Em princípio, não está em discussão a qualidade do ensino da UNIBAN, mesmo porque isso não nos cabe e não é o escopo deste comentário. Além disso, seria injusto focalizar uma instituição em particular (mas dá para consultar os seus resultados no Provão, conversar com alunos e professores, verificar se tem criado cursos de maneira irregular ou se há diplomas por ela emitidos que nada valem, notar se tem fechado turmas e cursos depois de iniciados, prejudicando os alunos etc) porque o ensino, como um todo, com raras exceções, anda de mal a pior nesse País, que considera a educação como despesa e não como investimento. Dá até para verificar junto à OAB a porcentagem de seus alunos de Direito aprovados no exame da Ordem e por aí vai. A principal responsabilidade social de uma instituição de ensino é a educação com qualidade, prestação de serviços à comunidade e pesquisa. Talvez a gente pudesse imaginar que a UNIBAN deveria usar estes conceitos em sua campanha de vestibular, mas aí o Pelé e a redução de mensalidades seriam de pronto descartados.
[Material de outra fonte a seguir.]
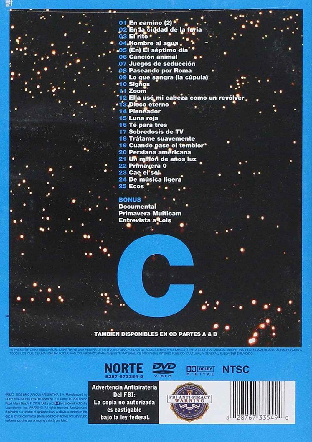 Artista(s) / Grupo: Soda Stereo | Cantidad de Discos: 1 | Lanzamiento: 2005 | Género(s): Rock, Pop | Estilo(s): Rock, Pop | Audio: Español | Subtítulos: Español | Título: El Ultimo Concierto | Director(es): Alfredo Lois | Reparto: Documental, (Intervenciones de Gustavo Cerati, Zeta Bosio, Charly Alberti) | Norma / Región: NTSC (Región A) | Artista(s) / Grupo: Soda Stereo | Cantidad de Discos: 1 | Lanzamiento: 2005 | Género(s): Rock, Pop | Estilo(s): Rock, Pop | Audio: Español | Subtítulos: Español | Título: El Ultimo Concierto | Director(es): Alfredo Lois | Reparto: Documental, (Intervenciones de Gustavo Cerati, Zeta Bosio, Charly Alberti) | Norma / Región: NTSC (Región A)
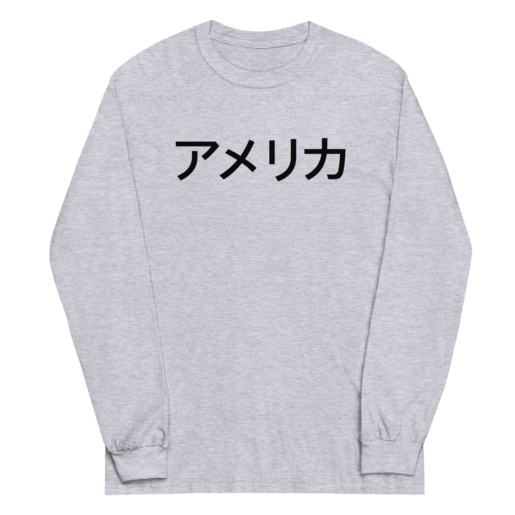 The アメリカ (America) Men’s Long Sleeve Shirt pairs bold Japanese katakana typography with a classic long-sleeve silhouette made for everyday wear. The design is minimal, confident, and modern, turning a single word into a graphic that feels global and intentional.
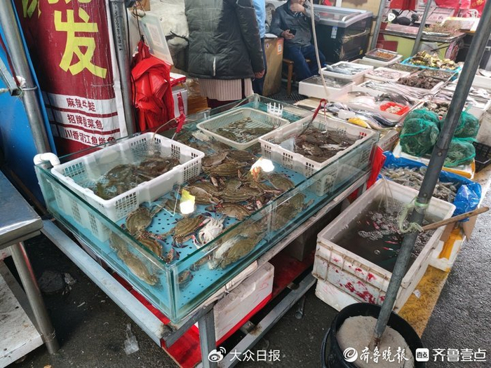 除了大闸蟹,不少市民偏爱梭子蟹。记者在济南海鲜大市场了解到,目前市场上卖的均是产自山东本地的梭子蟹,3两多的公蟹价格为45元一斤,同规格母蟹价格在55元一斤。

Ou não?
O que nos preocupa é o uso (na verdade, o abuso) do conceito de Responsabilidade Social, o que configura, no mínimo, uma afronta, já que, como nos ensina o Instituto Ethos, ele passa longe desta visão mercantilista, desta apropriação indébita feita pela UNIBAN.
É preciso admitir também que a associação do conceito de Responsabilidade Social com celebridades como Pelé, o maior atleta do século, é espúria porque o Brasil inteiro sabe que, na vida pessoal o sr. Edson Arantes do Nascimento andou cometendo alguns deslizes graves, como o de não reconhecer sua filha legítima, além de emitir conceitos tolos em Política e ser envolvido em alguns negócios (por culpa dele ou não) que não primaram pela ética e a boa gestão. Não dá para aceitar que, sob este aspecto, o Pelé seja um exemplo de responsabilidade social, mas para a UNIBAN, em sua visão equivocada do conceito, o que vale é aumentar os lucros, que já são enormes.
Há informações, ainda não confirmadas (esperamos a manifestação de professores da UNIBAN, cuja fonte , evidentemente, preservaremos) de que a contrapartida à redução das mensalidades seria a redução de seus salários e salas cada vez mais cheias. Se for verdade (preferimos não apostar nisso porque seria um crime ao ensino e não, apenas um uso inadequado do conceito), então o problema é mais grave porque implicaria em “dar com uma mão e tirar com a outra, ou fazer caridade com o bolso dos outros, o que, convenhamos, está distante, muito distante, da prática cidadã , que é que o que se espera das organizações modernas.
De qualquer forma, é preciso repudiar a campanha equivocada que apenas reforça a tese de que a comunicação das organizações precisa se profissionalizar, privilegiar a ética e a transparência. Se a qualidade do ensino é adequada, os alunos, os professores e o mercado que os incorpora se incumbirão de fazer a boa divulgação. Pelé divulga vitaminas, é garoto propaganda de um laboratório que vende medicamentos contra a disfunção erétil, anuncia celular e assim por diante. Algum dia, algumas instituições de ensino irão perceber a diferença entre educação e produtos de consumo e , quando isso acontecer, talvez estejam em condições de entender o verdadeiro conceito de Responsabilidade Social. A comunicação da UNIBAN precisa freqüentar o colégio. Pelo jeito, parece que andou cabulando as aulas.